WHAT IS EXPECTED
Among the lines below, a stretch begins at the one with "Subsea Ball Valve-PR2F Certificate" and ends at the one with "老师因疫情居家隔离,不能到教". Repeat that stretch exactly, ends included.

EXERCISE DATA
*** Block opens ***

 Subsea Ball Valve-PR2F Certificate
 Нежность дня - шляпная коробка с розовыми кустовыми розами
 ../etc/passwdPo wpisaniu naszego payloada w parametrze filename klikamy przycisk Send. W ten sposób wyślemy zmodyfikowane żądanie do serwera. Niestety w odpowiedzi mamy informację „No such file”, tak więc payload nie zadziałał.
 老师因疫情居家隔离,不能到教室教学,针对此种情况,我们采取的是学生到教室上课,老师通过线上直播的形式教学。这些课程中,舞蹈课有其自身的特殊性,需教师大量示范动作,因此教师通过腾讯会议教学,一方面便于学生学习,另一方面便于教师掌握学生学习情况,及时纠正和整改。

*** Block closes ***
*** Block opens ***

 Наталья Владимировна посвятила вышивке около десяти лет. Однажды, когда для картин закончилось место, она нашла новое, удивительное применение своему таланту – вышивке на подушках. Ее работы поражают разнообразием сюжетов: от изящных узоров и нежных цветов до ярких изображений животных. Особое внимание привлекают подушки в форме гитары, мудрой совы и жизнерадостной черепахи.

*** Block closes ***
*** Block opens ***

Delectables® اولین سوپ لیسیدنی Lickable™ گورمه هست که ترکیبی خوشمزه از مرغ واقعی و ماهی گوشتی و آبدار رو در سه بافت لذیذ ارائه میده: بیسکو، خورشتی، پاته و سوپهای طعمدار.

*** Block closes ***

SOLUTION TO THIS PROBLEM
 Subsea Ball Valve-PR2F Certificate
 Нежность дня - шляпная коробка с розовыми кустовыми розами
 ../etc/passwdPo wpisaniu naszego payloada w parametrze filename klikamy przycisk Send. W ten sposób wyślemy zmodyfikowane żądanie do serwera. Niestety w odpowiedzi mamy informację „No such file”, tak więc payload nie zadziałał.
 老师因疫情居家隔离,不能到教室教学,针对此种情况,我们采取的是学生到教室上课,老师通过线上直播的形式教学。这些课程中,舞蹈课有其自身的特殊性,需教师大量示范动作,因此教师通过腾讯会议教学,一方面便于学生学习,另一方面便于教师掌握学生学习情况,及时纠正和整改。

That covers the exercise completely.